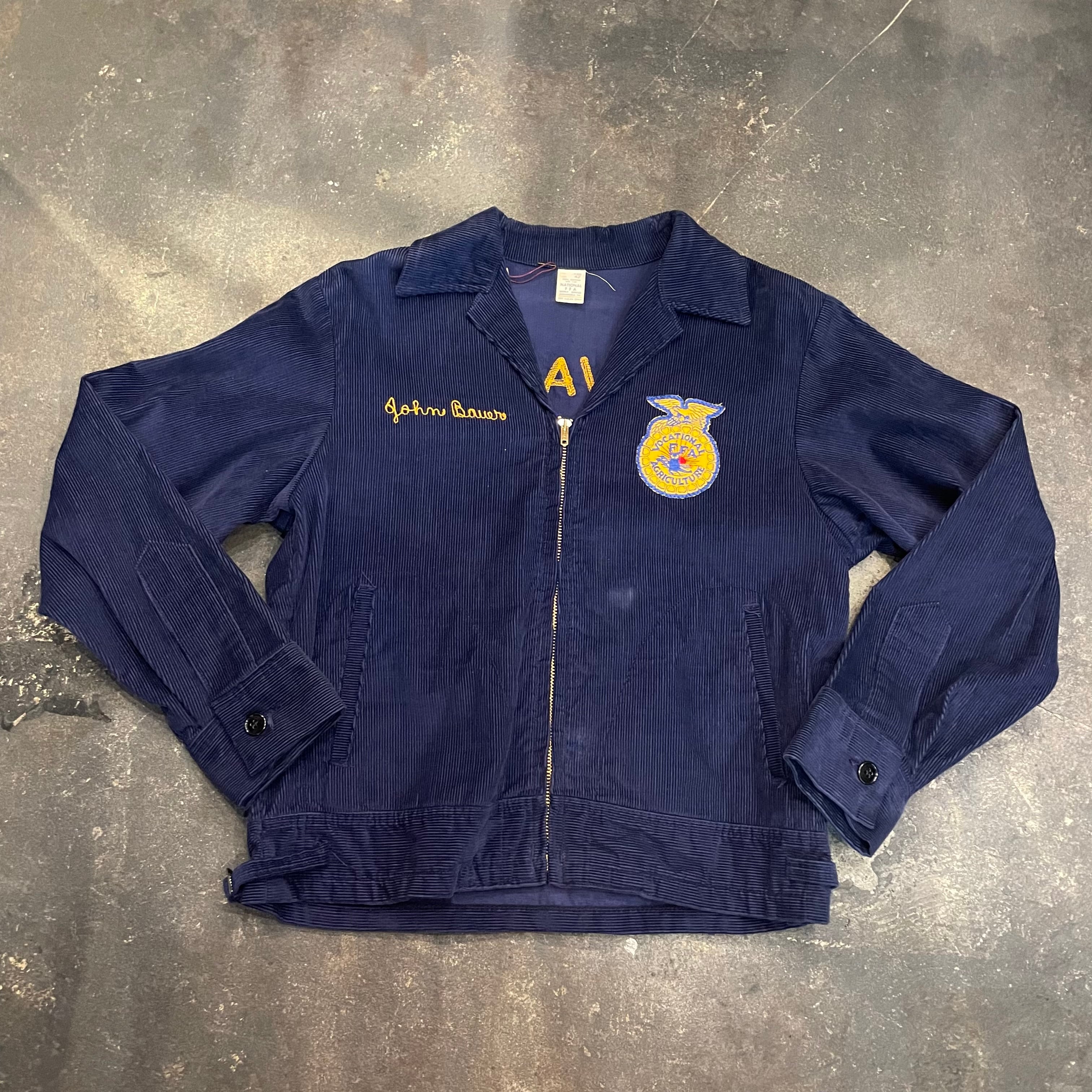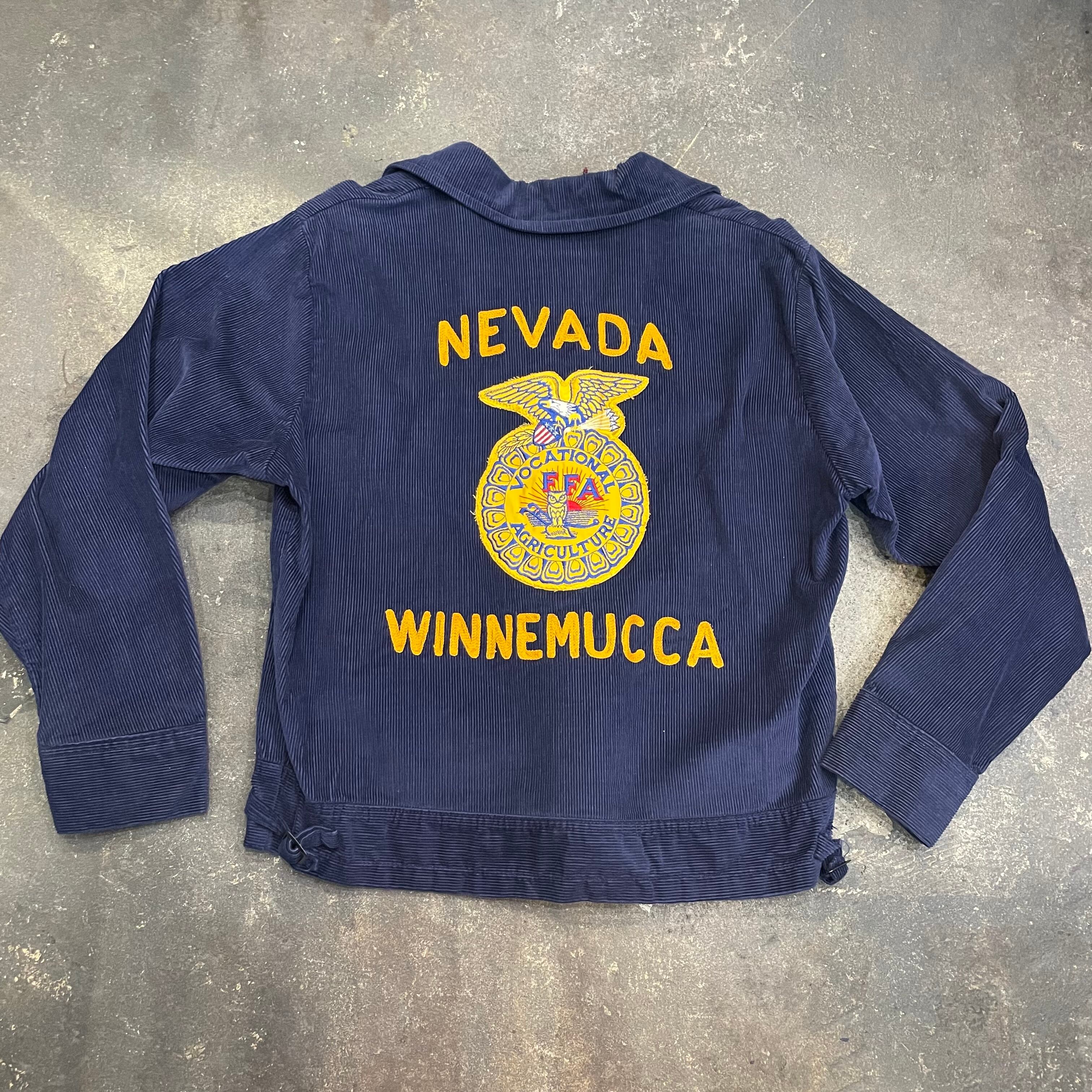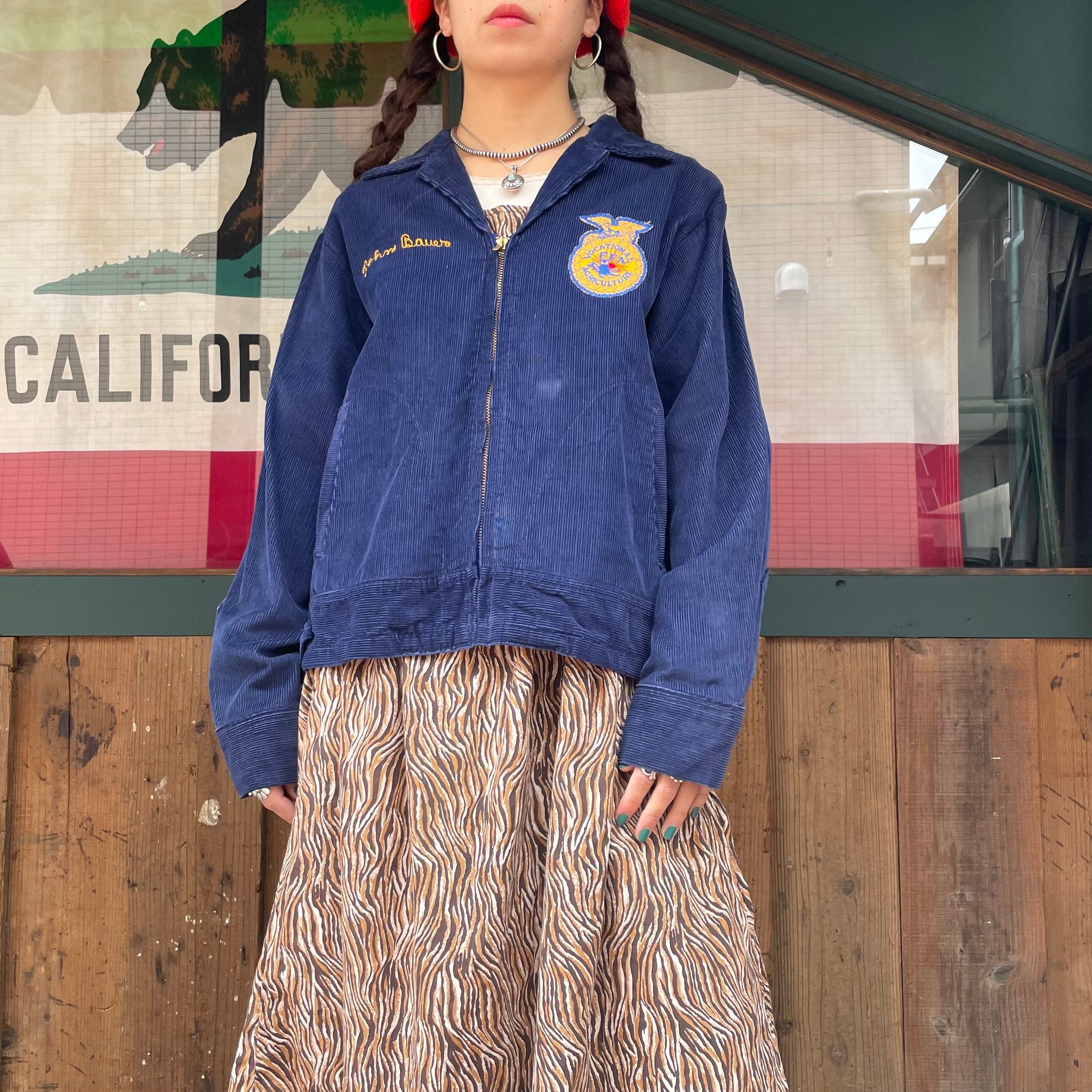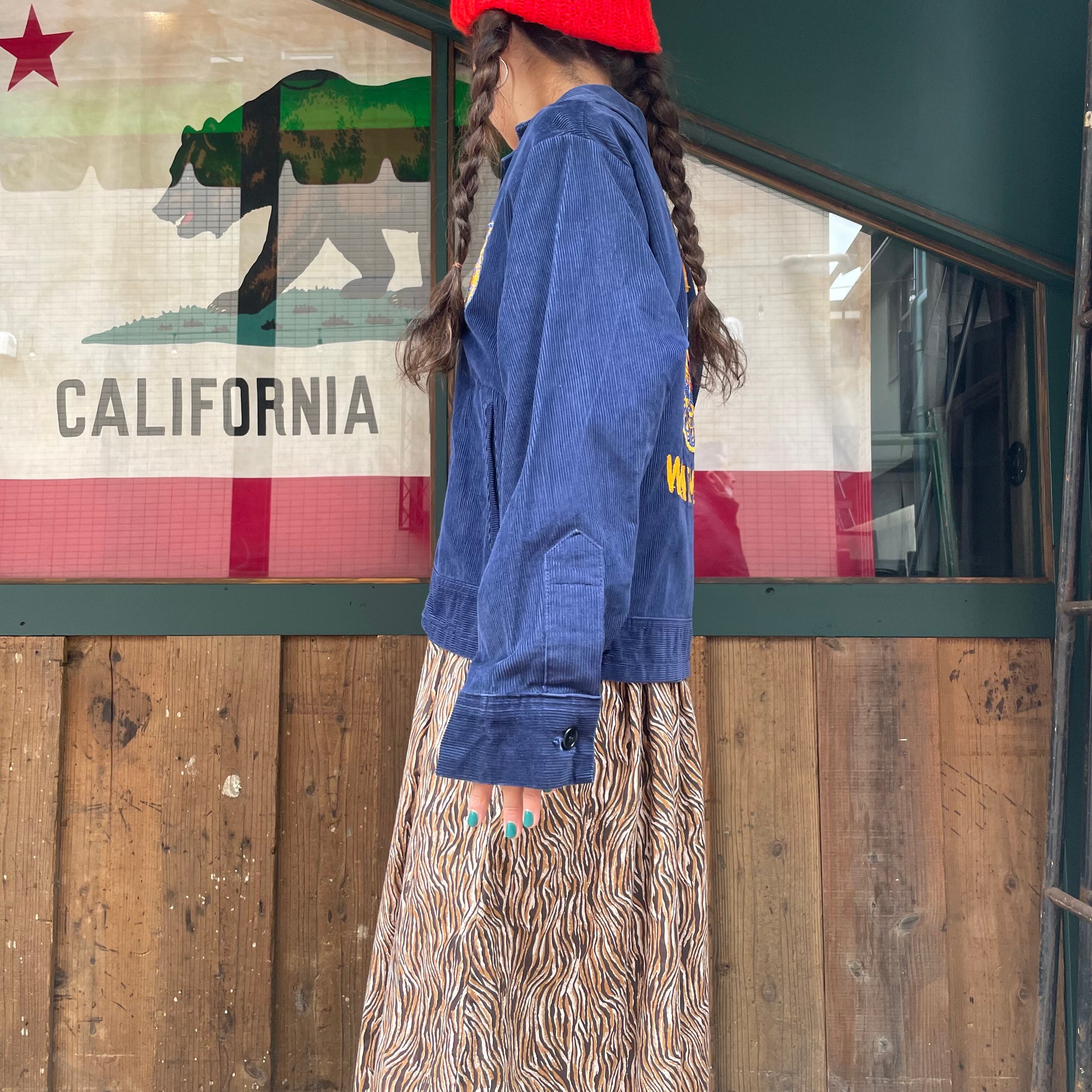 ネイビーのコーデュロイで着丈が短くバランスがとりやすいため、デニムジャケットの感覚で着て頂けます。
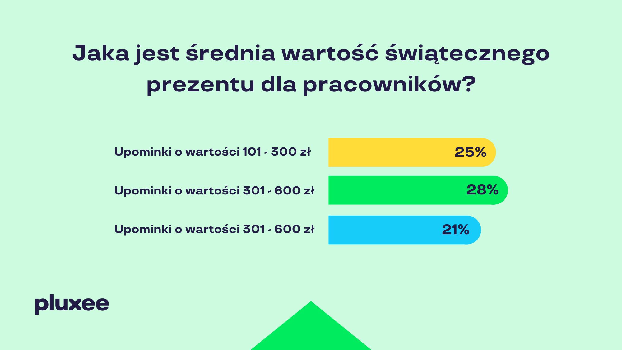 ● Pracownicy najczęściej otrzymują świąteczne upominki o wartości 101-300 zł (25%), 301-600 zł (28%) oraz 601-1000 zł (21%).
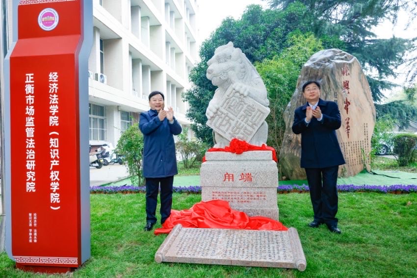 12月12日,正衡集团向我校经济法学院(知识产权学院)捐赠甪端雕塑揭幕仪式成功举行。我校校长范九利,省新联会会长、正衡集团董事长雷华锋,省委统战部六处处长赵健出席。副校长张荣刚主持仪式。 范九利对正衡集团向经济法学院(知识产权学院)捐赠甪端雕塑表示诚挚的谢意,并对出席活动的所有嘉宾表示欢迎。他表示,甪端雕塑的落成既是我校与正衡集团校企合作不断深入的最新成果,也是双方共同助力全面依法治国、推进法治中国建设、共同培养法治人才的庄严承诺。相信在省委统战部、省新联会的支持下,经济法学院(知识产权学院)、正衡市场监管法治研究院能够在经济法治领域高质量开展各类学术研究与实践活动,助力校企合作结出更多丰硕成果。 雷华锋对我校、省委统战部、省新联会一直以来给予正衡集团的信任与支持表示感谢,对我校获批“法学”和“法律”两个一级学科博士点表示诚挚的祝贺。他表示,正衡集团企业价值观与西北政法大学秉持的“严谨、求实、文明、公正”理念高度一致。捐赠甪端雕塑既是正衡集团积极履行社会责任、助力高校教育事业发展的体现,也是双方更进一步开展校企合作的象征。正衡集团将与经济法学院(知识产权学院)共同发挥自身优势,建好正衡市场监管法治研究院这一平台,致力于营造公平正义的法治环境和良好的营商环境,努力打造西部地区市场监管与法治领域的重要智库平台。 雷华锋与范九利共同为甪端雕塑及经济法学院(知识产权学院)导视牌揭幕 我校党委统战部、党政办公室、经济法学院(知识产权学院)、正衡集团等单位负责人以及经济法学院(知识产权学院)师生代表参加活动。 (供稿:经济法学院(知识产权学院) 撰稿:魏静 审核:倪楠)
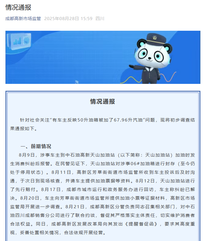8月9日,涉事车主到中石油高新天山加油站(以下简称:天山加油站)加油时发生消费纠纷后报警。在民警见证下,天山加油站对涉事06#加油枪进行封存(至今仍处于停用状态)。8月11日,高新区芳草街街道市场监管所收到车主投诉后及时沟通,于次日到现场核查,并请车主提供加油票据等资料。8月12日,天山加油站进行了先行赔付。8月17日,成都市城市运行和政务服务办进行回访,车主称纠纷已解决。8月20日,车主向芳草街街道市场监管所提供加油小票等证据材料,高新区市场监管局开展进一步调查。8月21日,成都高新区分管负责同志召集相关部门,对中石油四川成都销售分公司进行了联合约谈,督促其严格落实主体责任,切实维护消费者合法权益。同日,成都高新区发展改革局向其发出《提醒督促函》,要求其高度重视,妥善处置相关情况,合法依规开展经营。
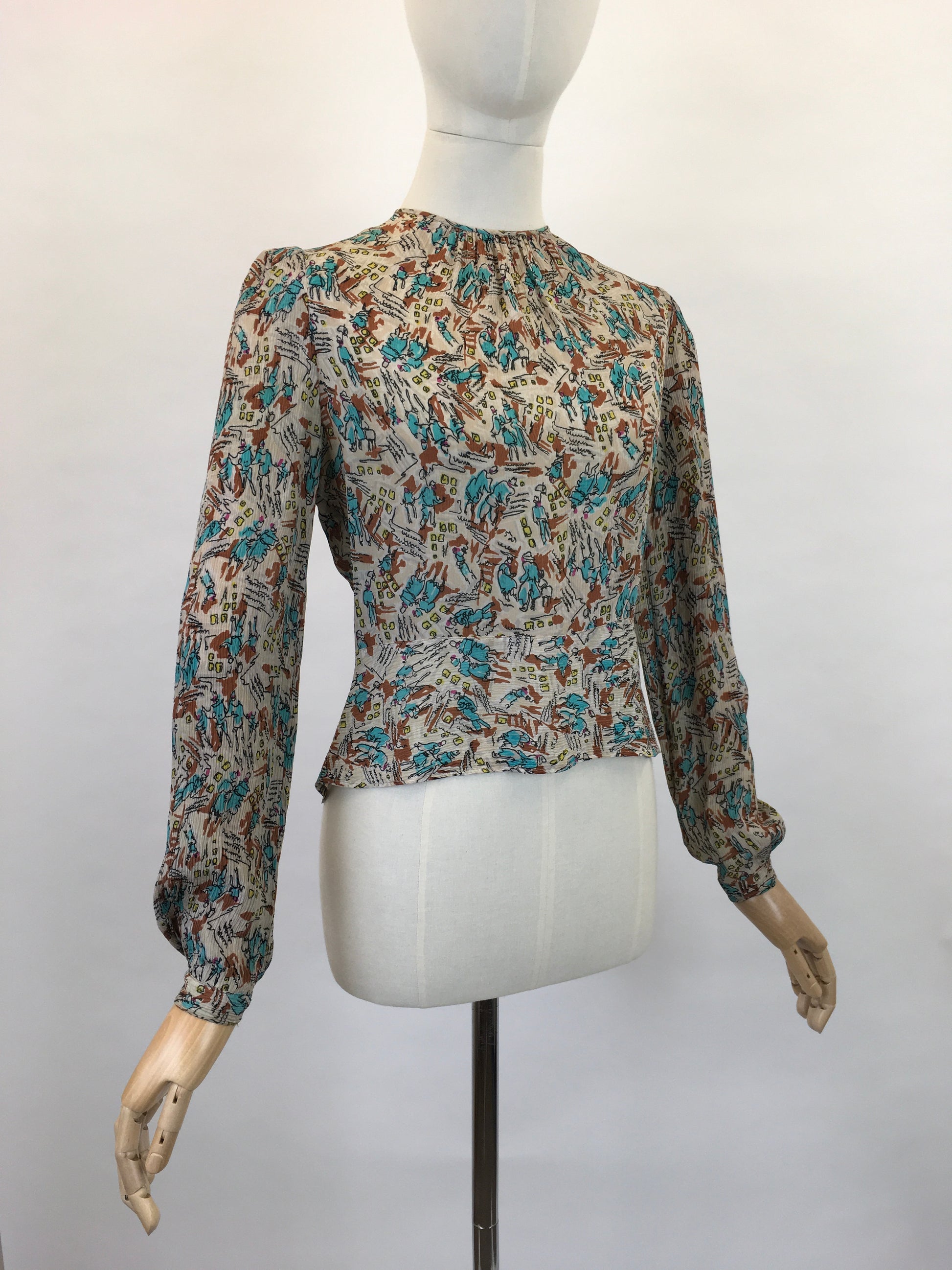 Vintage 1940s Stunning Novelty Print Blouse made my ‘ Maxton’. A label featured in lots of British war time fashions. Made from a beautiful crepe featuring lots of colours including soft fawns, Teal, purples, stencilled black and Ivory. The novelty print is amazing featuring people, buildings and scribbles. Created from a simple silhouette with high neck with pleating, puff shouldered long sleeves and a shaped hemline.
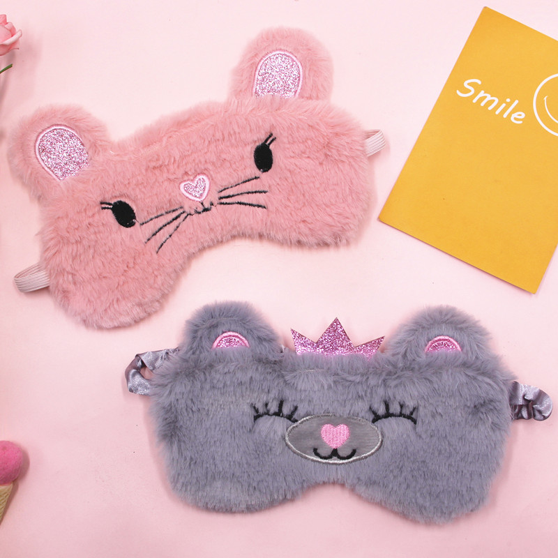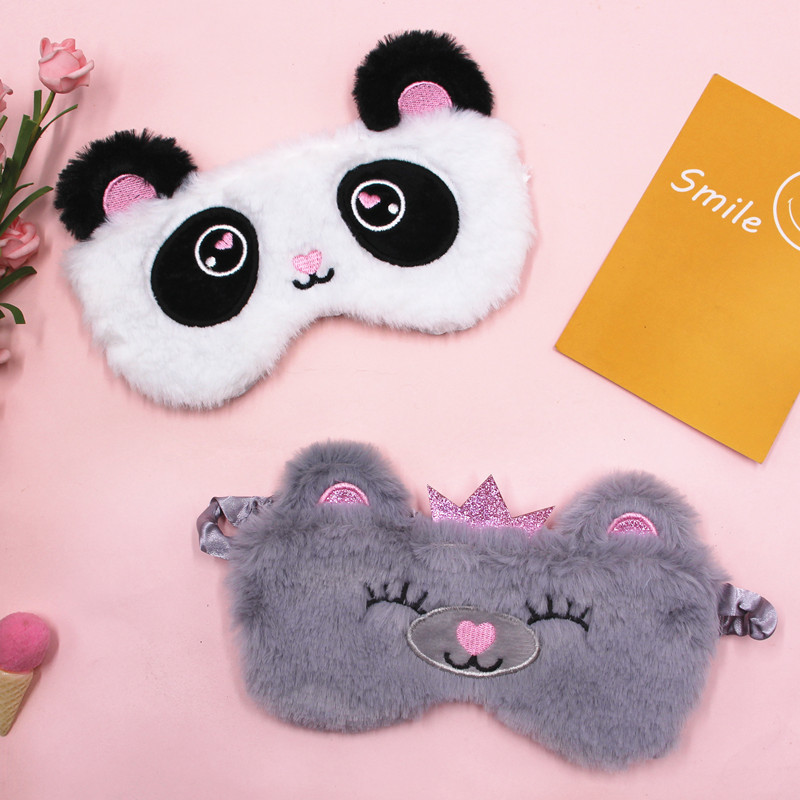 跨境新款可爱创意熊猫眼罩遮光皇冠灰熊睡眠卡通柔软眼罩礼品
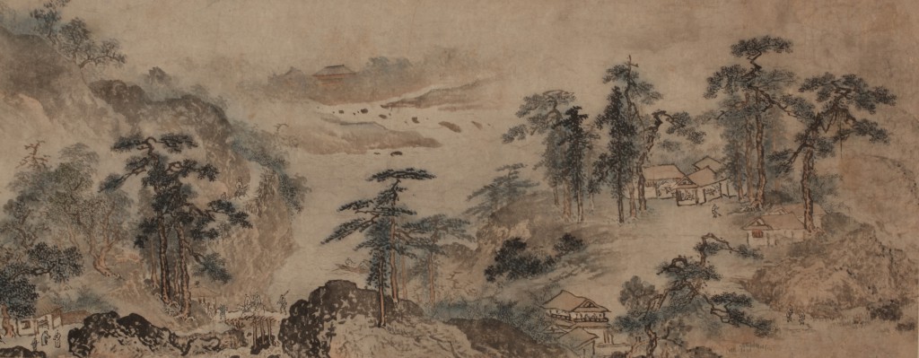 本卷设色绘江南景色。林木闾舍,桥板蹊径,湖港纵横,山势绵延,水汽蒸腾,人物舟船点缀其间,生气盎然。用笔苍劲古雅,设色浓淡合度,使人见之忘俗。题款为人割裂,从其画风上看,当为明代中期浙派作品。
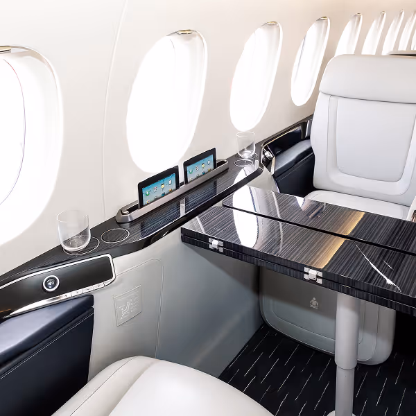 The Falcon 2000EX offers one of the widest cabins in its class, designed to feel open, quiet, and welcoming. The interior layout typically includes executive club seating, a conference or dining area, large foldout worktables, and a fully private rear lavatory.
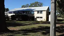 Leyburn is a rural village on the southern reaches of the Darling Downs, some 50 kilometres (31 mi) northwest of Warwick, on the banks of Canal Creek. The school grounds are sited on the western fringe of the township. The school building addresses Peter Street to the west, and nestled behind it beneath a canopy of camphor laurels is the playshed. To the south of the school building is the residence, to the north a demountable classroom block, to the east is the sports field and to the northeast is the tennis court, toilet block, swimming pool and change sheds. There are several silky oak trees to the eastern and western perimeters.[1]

▶ [Task requirements]:
Your copy should restate every record word for word and contain no pictures.

▶ [Response area]:
 ネイビーのコーデュロイで着丈が短くバランスがとりやすいため、デニムジャケットの感覚で着て頂けます。
 ● Pracownicy najczęściej otrzymują świąteczne upominki o wartości 101-300 zł (25%), 301-600 zł (28%) oraz 601-1000 zł (21%).
 12月12日,正衡集团向我校经济法学院(知识产权学院)捐赠甪端雕塑揭幕仪式成功举行。我校校长范九利,省新联会会长、正衡集团董事长雷华锋,省委统战部六处处长赵健出席。副校长张荣刚主持仪式。 范九利对正衡集团向经济法学院(知识产权学院)捐赠甪端雕塑表示诚挚的谢意,并对出席活动的所有嘉宾表示欢迎。他表示,甪端雕塑的落成既是我校与正衡集团校企合作不断深入的最新成果,也是双方共同助力全面依法治国、推进法治中国建设、共同培养法治人才的庄严承诺。相信在省委统战部、省新联会的支持下,经济法学院(知识产权学院)、正衡市场监管法治研究院能够在经济法治领域高质量开展各类学术研究与实践活动,助力校企合作结出更多丰硕成果。 雷华锋对我校、省委统战部、省新联会一直以来给予正衡集团的信任与支持表示感谢,对我校获批“法学”和“法律”两个一级学科博士点表示诚挚的祝贺。他表示,正衡集团企业价值观与西北政法大学秉持的“严谨、求实、文明、公正”理念高度一致。捐赠甪端雕塑既是正衡集团积极履行社会责任、助力高校教育事业发展的体现,也是双方更进一步开展校企合作的象征。正衡集团将与经济法学院(知识产权学院)共同发挥自身优势,建好正衡市场监管法治研究院这一平台,致力于营造公平正义的法治环境和良好的营商环境,努力打造西部地区市场监管与法治领域的重要智库平台。 雷华锋与范九利共同为甪端雕塑及经济法学院(知识产权学院)导视牌揭幕 我校党委统战部、党政办公室、经济法学院(知识产权学院)、正衡集团等单位负责人以及经济法学院(知识产权学院)师生代表参加活动。 (供稿:经济法学院(知识产权学院) 撰稿:魏静 审核:倪楠)
8月9日,涉事车主到中石油高新天山加油站(以下简称:天山加油站)加油时发生消费纠纷后报警。在民警见证下,天山加油站对涉事06#加油枪进行封存(至今仍处于停用状态)。8月11日,高新区芳草街街道市场监管所收到车主投诉后及时沟通,于次日到现场核查,并请车主提供加油票据等资料。8月12日,天山加油站进行了先行赔付。8月17日,成都市城市运行和政务服务办进行回访,车主称纠纷已解决。8月20日,车主向芳草街街道市场监管所提供加油小票等证据材料,高新区市场监管局开展进一步调查。8月21日,成都高新区分管负责同志召集相关部门,对中石油四川成都销售分公司进行了联合约谈,督促其严格落实主体责任,切实维护消费者合法权益。同日,成都高新区发展改革局向其发出《提醒督促函》,要求其高度重视,妥善处置相关情况,合法依规开展经营。
 Vintage 1940s Stunning Novelty Print Blouse made my ‘ Maxton’. A label featured in lots of British war time fashions. Made from a beautiful crepe featuring lots of colours including soft fawns, Teal, purples, stencilled black and Ivory. The novelty print is amazing featuring people, buildings and scribbles. Created from a simple silhouette with high neck with pleating, puff shouldered long sleeves and a shaped hemline.
 跨境新款可爱创意熊猫眼罩遮光皇冠灰熊睡眠卡通柔软眼罩礼品
 本卷设色绘江南景色。林木闾舍,桥板蹊径,湖港纵横,山势绵延,水汽蒸腾,人物舟船点缀其间,生气盎然。用笔苍劲古雅,设色浓淡合度,使人见之忘俗。题款为人割裂,从其画风上看,当为明代中期浙派作品。
 The Falcon 2000EX offers one of the widest cabins in its class, designed to feel open, quiet, and welcoming. The interior layout typically includes executive club seating, a conference or dining area, large foldout worktables, and a fully private rear lavatory.
 Leyburn is a rural village on the southern reaches of the Darling Downs, some 50 kilometres (31 mi) northwest of Warwick, on the banks of Canal Creek. The school grounds are sited on the western fringe of the township. The school building addresses Peter Street to the west, and nestled behind it beneath a canopy of camphor laurels is the playshed. To the south of the school building is the residence, to the north a demountable classroom block, to the east is the sports field and to the northeast is the tennis court, toilet block, swimming pool and change sheds. There are several silky oak trees to the eastern and western perimeters.[1]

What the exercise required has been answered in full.